Hannover/Kreisau (epd). Der Kreisauer Kreis gehört zu den wichtigsten Gruppen im deutschen Widerstand gegen den Nationalsozialismus. Er vereinte unter anderen Sozialdemokraten, Gewerkschafter, Konservative und Theologen, die Pläne für ein Deutschland nach Ende des NS-Staates entwickelten. Zentrum der Gruppe war das Gut Kreisau (heute Krzyzowa) in Niederschlesien im heutigen Polen. Gutsbesitzer Helmuth James von Moltke (1907-1945) und sein Freund Peter Yorck von Wartenburg (1904-1944) waren ihre führenden Köpfe.
Zum bürgerlich-zivilen Widerstand des Kreisauer Kreis gehörten auch die Sozialdemokraten Carlo Mierendorff, Adolf Reichwein und Julius Leber, der Jesuitenpater Alfred Delp, der Diplomat Adam von Trott zu Solz und der evangelische Theologe und spätere Bundestagspräsident Eugen Gerstenmaier. Insgesamt umfasste die Gruppe rund 20 Personen und ebenso viele Sympathisanten und Mitwisser. Sie hofften auf einen Staatsstreich des Militärs oder fassten bereits die Niederlage Deutschlands im Krieg ins Auge. Einige Mitglieder wie Moltke lehnten ein Attentat auf Hitler ab. Andere unterhielten Verbindungen zur Widerstandsgruppe des 20. Juli um Claus Schenk Graf von Stauffenberg (1907-1944).

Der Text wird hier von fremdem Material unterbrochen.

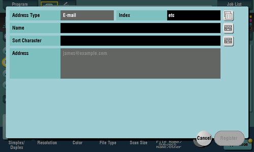 [Sort Character] | Enter the same name as the registered name (using up to 24 characters). You can sort destinations by registration name. |
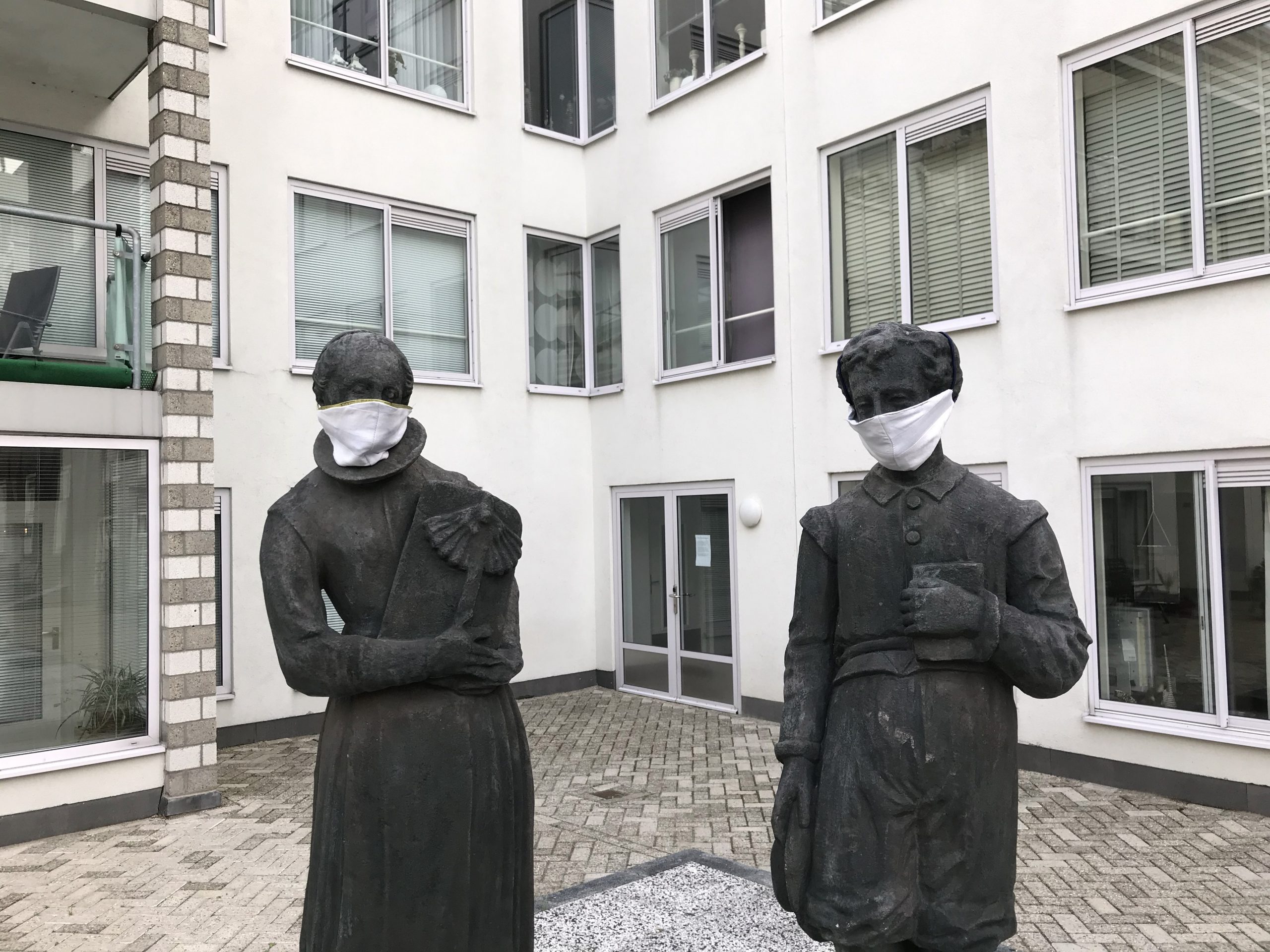 De twee beelden stellen twee weesjes voor. Het zijn afgietsels van de beelden bovenop de entreepoort van het complex die tot de oudste sculpturen van de stad behoren. “Het is een geintje”, vertelt een bewoner. “Maar wel een geintje met een serieuze ondertoon. We zijn nog lang niet van het coronavirus af. Ik merk bijvoorbeeld helemaal niets meer van het houden van anderhalve meter afstand.”
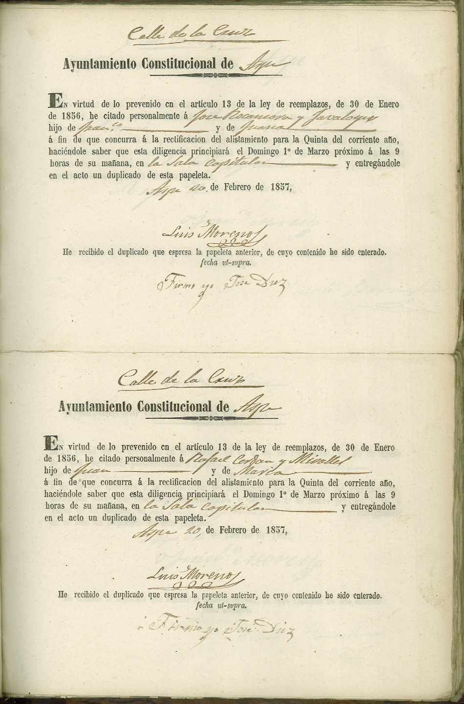 Actas de Alistamiento, 1857
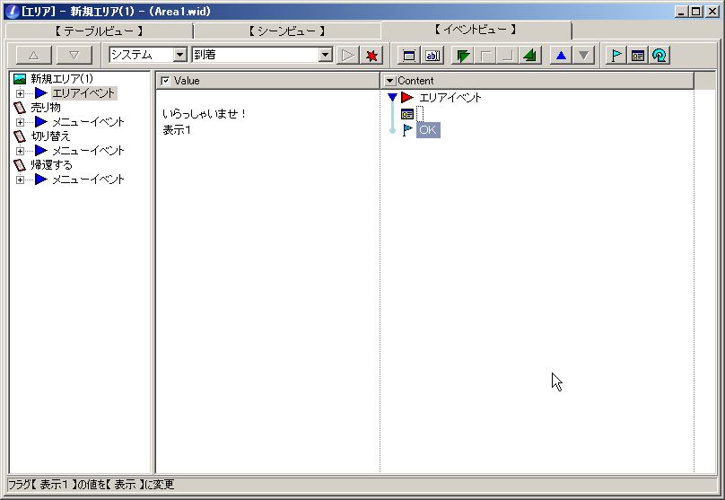 フラグは、まず「データウィンドウ」の【状態変数】というところで設定せねばなりません。その後にエリアでの設定になります。
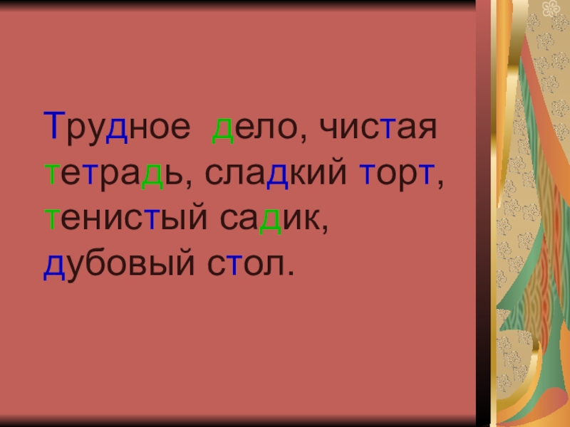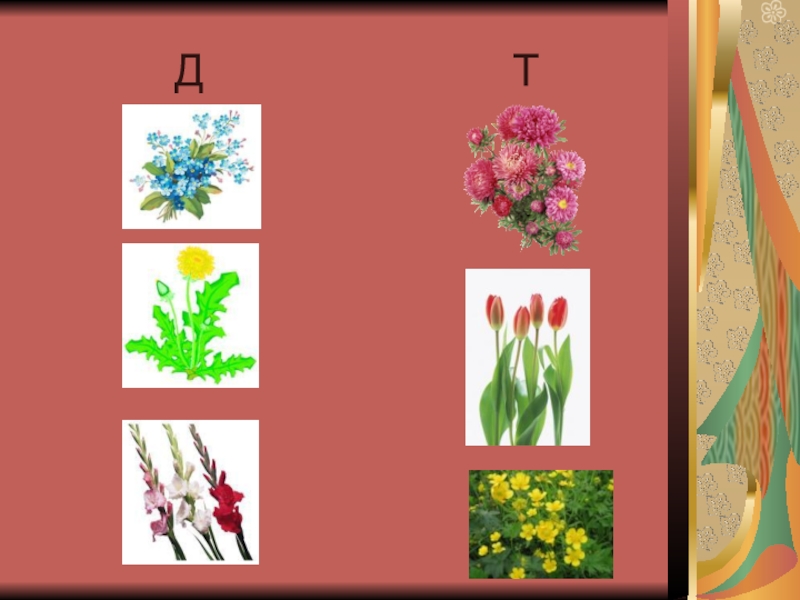 Слайд 1 Буквы д – т и их
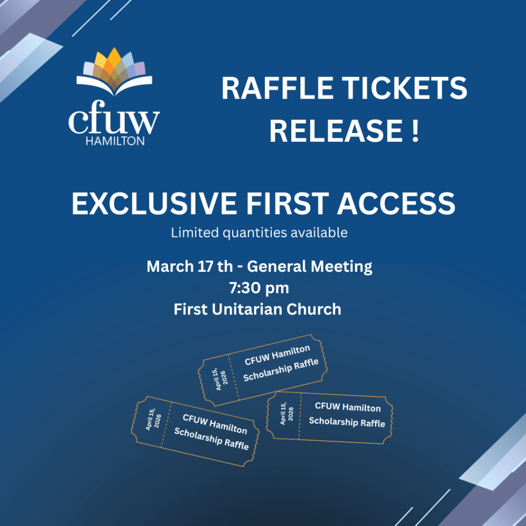 We’re putting the finishing touches on an exciting spring raffle in support of CFUW Hamilton scholarships. Think extraordinary generosity, local talent, and a chance to make a real impact for students in our community.
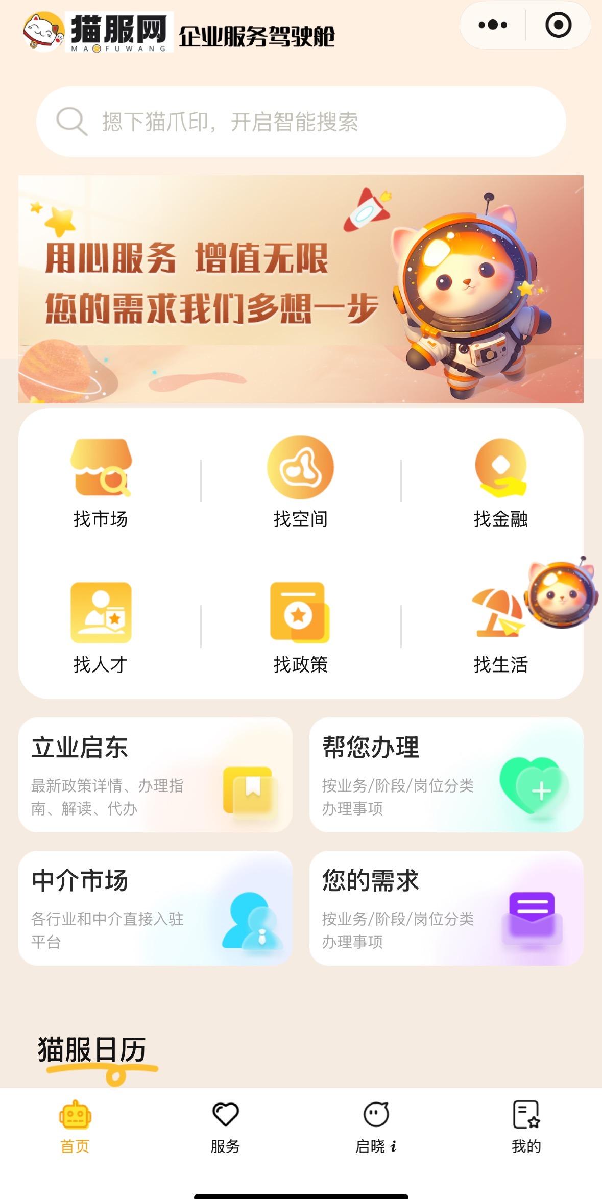 启东市数据局18日消息,集找政策、找市场、找空间、找金融、找生活、找人才等六大核心功能的“猫服网”微信小程序已正式上线。小程序整合人才、科技、工信、商务、金融等多部门资源,汇聚海量信息,为企业提供全方位、一站式贴心服务。
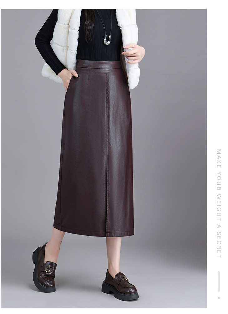 PU皮开衩半身裙,气质包臀裙中长款一步裙MYX-OMS-66925-Y
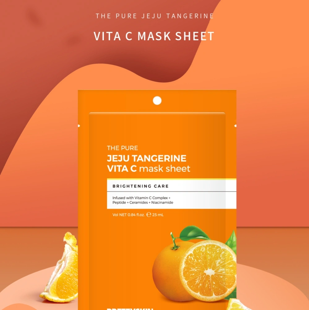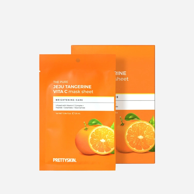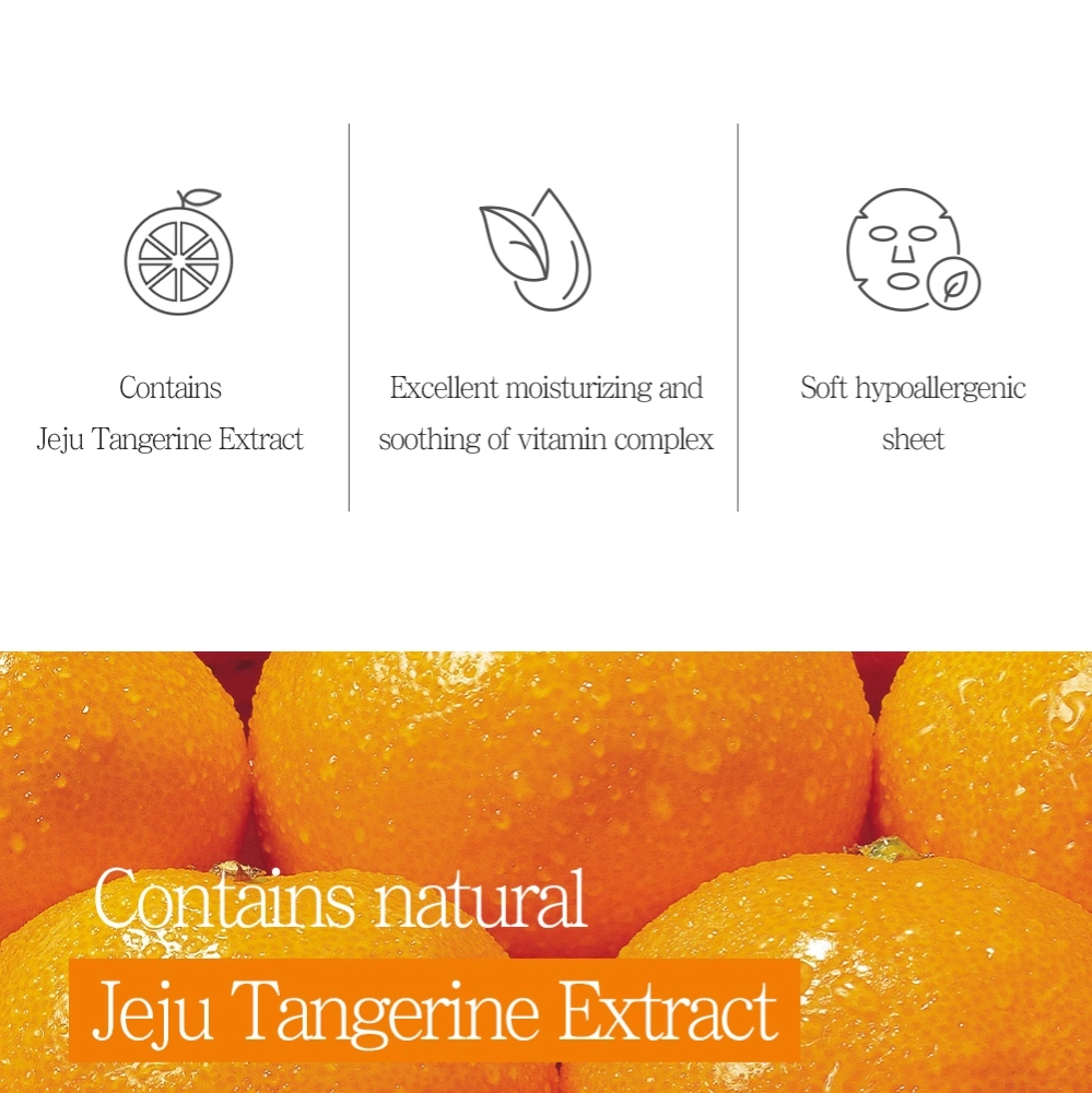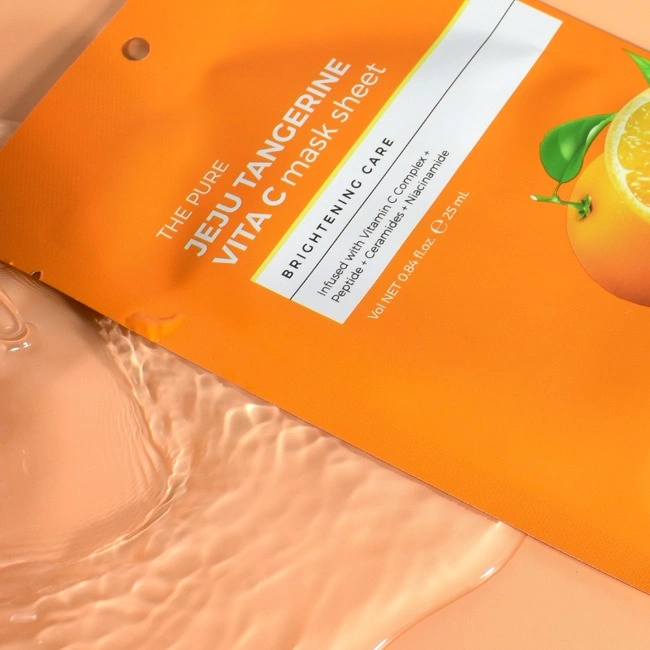 The Pure Jeju Tangerine Vita C Mask is a brightening and hydrating sheet mask infused with Pure Jeju tangerine extract, naturally rich in vitamin C and antioxidants. Designed to revive tired, dull skin, it helps improve skin tone, boost radiance, and restore moisture in a single use.

Von 1941 bis 1943 kam der Kreisauer Kreis zu drei zentralen Tagungen auf Gut Kreisau zusammen. Seine Grundideen waren ein Ende nationaler Machtpolitik, ein geeintes Europa, Grundrechte für jeden Einzelnen und eine Neubegründung der Moral im Geiste des Christentums. Eine enge Verbindung von Staat und Kirche war Teil der Pläne. Nach der Verhaftung Moltkes im Januar 1944 löste sich die Gruppe praktisch auf. Einige ihrer Mitglieder wie Yorck, Wartenburg, Trott zu Solz, Leber und Delp wurden vom NS-Volksgerichtshof zum Tode verurteilt. Andere kamen mit dem Leben davon oder blieben unentdeckt.